The president’s memorandum says the secretary of the Treasury “shall explore avenues, including legislation” to provide forgiveness of deferred taxes, but that is unlikely, Barber says, since the Internal Revenue Code gives the president the power only to postpone—not forgive—tax payments during a federal disaster declaration.

“Any forgiveness of the underlying tax liability will require congressional action,” Barber says. “Historically, both Republicans and Democrats in Congress have been very reluctant to reduce FICA taxes (even on a short-time basis) given the financial impact on Social Security and Medicare.”

In addition, Barber says if Congress were to forgive the deferred taxes, the forgiven amount probably would constitute additional income, meaning employees would need to pay additional income tax.

Advice to Employers

Even though questions remain, Barber says employers should start identifying the employees who might qualify for the deferral and determine what systematic administrative changes might be necessary.

Communication to employees also is a major challenge for HR departments. “Where a company chooses to defer, it will be critical to educate the employees that this is merely a deferral and this amount will be due starting in January of 2021,” Barber says. “Employees should be well advised not to rely on forgiveness of this amount.”

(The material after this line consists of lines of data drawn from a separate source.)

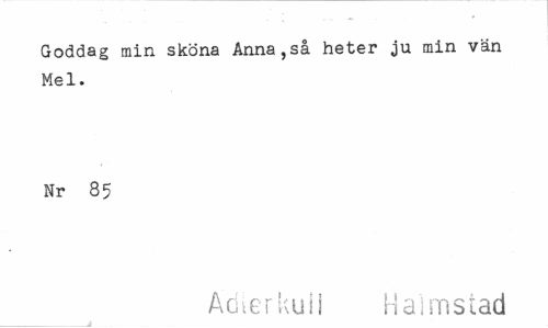 //// Goddag min sköna Anna,så heter ju min vän Mel. //// Nr 85 //// Acite r ku i i Halmstad ////
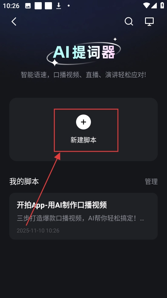 2、进入提词器页面后,点击【新建脚本】按钮,就能创建新的提词脚本啦。
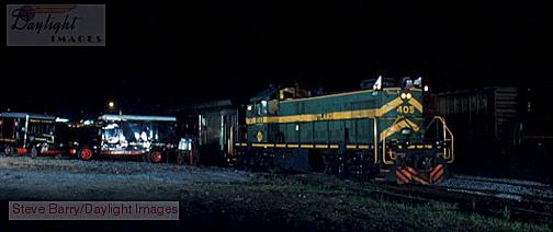 Following the fireworks, a more traditional night photo session takes place. First up is Rutland RS1 405 with a vintage passenger train and Mark Player's Railway Express Agency trucks at the Bellows Falls depot.
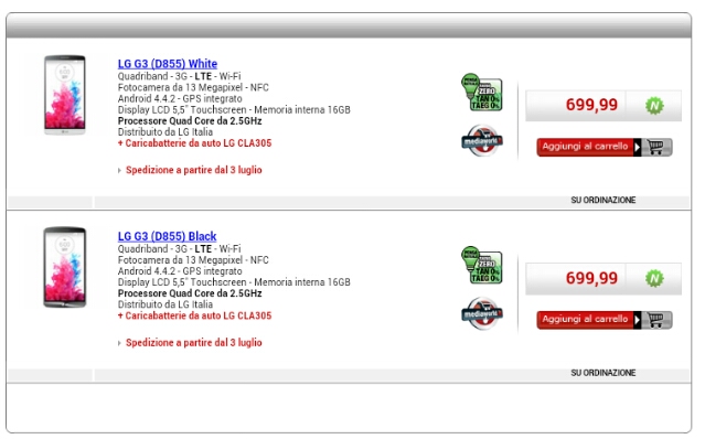 Il nostro amico Diego, di TecnoPhone, ha appena pubblicato la news del pre-ordine MediaWorld per LG G3, il prezzo è di 699€ e stiamo parlando della versione da 16Gb con
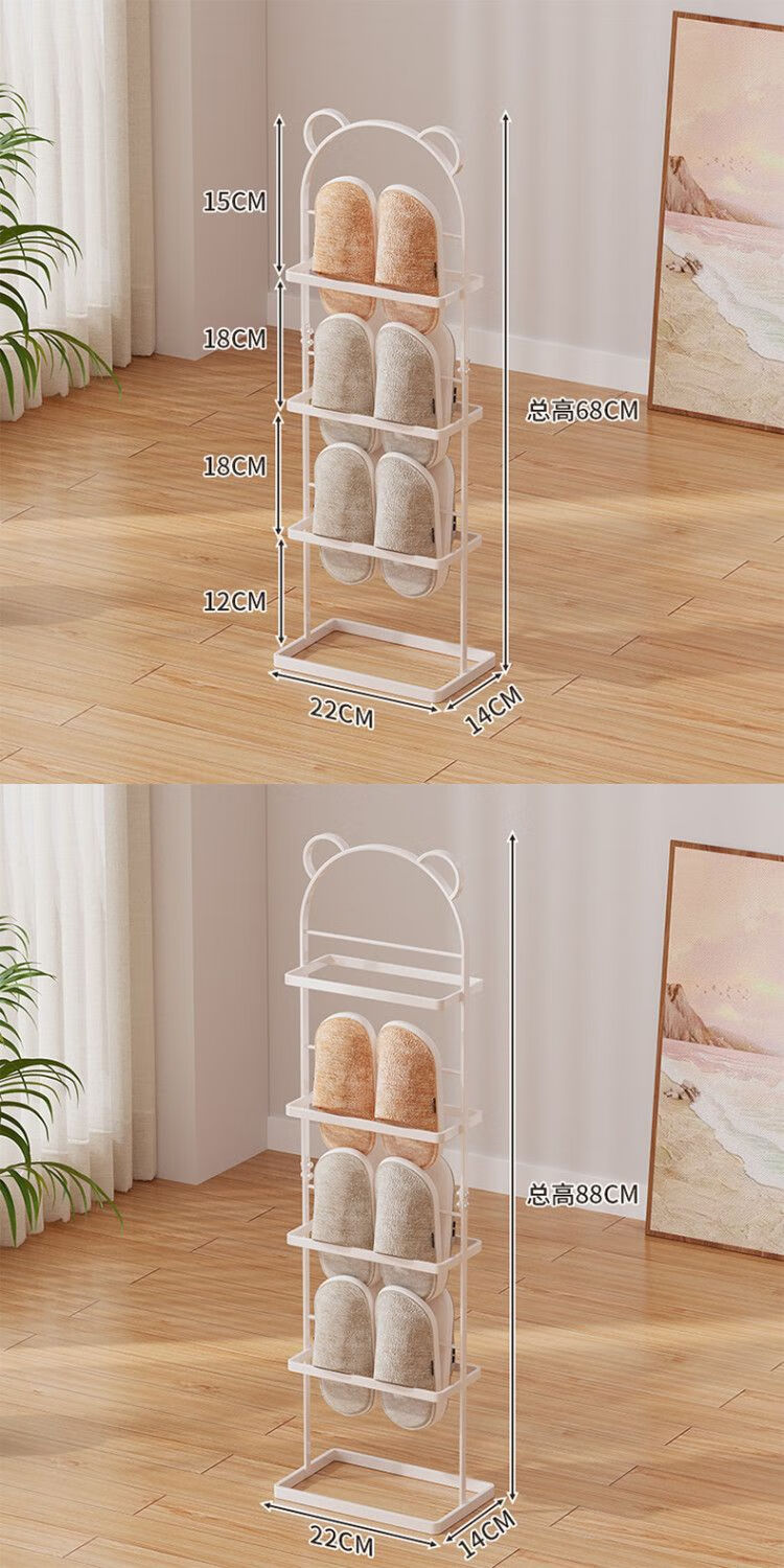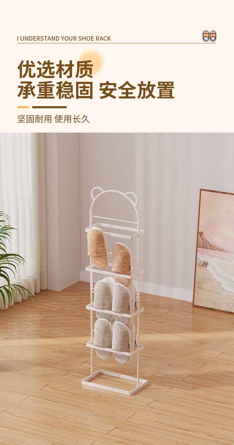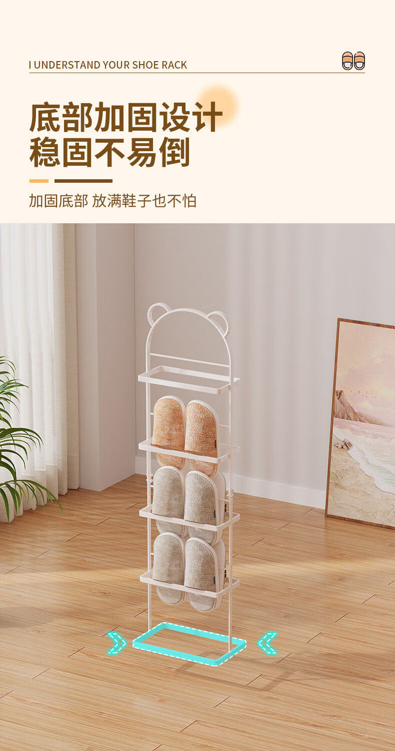 馨婺家鞋架鞋子放置架简易门口多层简约家用室内门后好看小窄立式拖鞋架 白色-三层【加固底部】
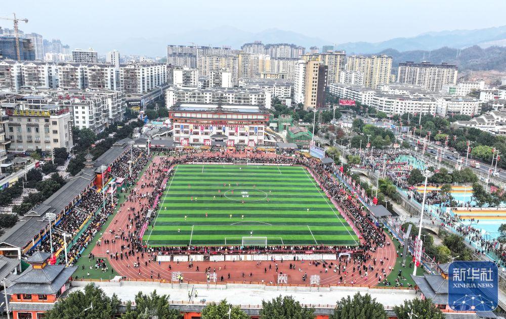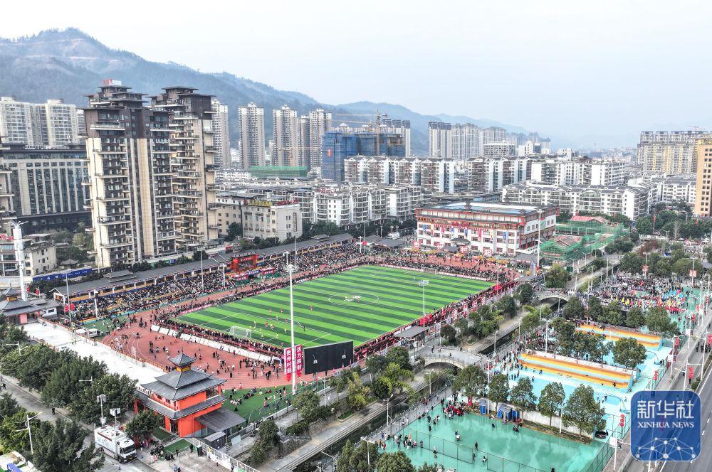 ↑这是1月4日拍摄的“村超”揭幕战现场(无人机照片)。
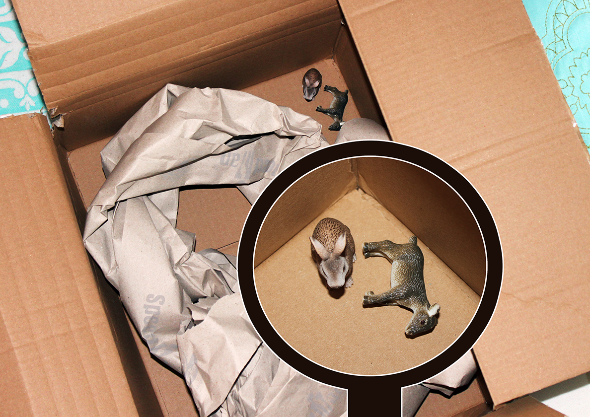 Jetzt verstehe ich natürlich, dass sich manchmal eine gewisse Kartongröße nicht vermeiden lässt. Zum Beispiel – äh – bei einem Paravent. Warum aber Pakete hier ankommen, die mindestens eine Mikrowelle vermuten lassen, sich dann aber als Transportkäfig für zwei zentimeterhohe Tierfigürchen erweisen, erschließt sich nicht auf den ersten Blick. Vielleicht kann mich jemand erhellen.

Barber advises employers to consider providing hypothetical examples showing the savings the deferral would provide through the end of the year and the increased tax—lower net pay—that employees can expect between January 1 and April 30, 2021.

“The key is making sure the employee will not be surprised once repayment begins,” Barber says.

In his summary of the IRS guidance, Lacey says if employers choose to defer withholding, they will need to communicate to employees why their take-home pay has increased through the end of the year. Likewise, employees also will need to understand why take-home pay will decrease between January 1 and April 30, 2021.

Barber says the tax deferral is “akin to a short-term interest-free loan,” and employers will need “to evaluate whether employees would even appreciate this deferral versus the administrative hassle of implementation.” He points out that the additional amount to be collected between January 1 and April 30, 2021, will mean lower take-home pay than an employee was used to before the deferral period.

“This could certainly enhance financial stress, which is typically heightened following the holidays, when repayment is required to begin,” Barber says.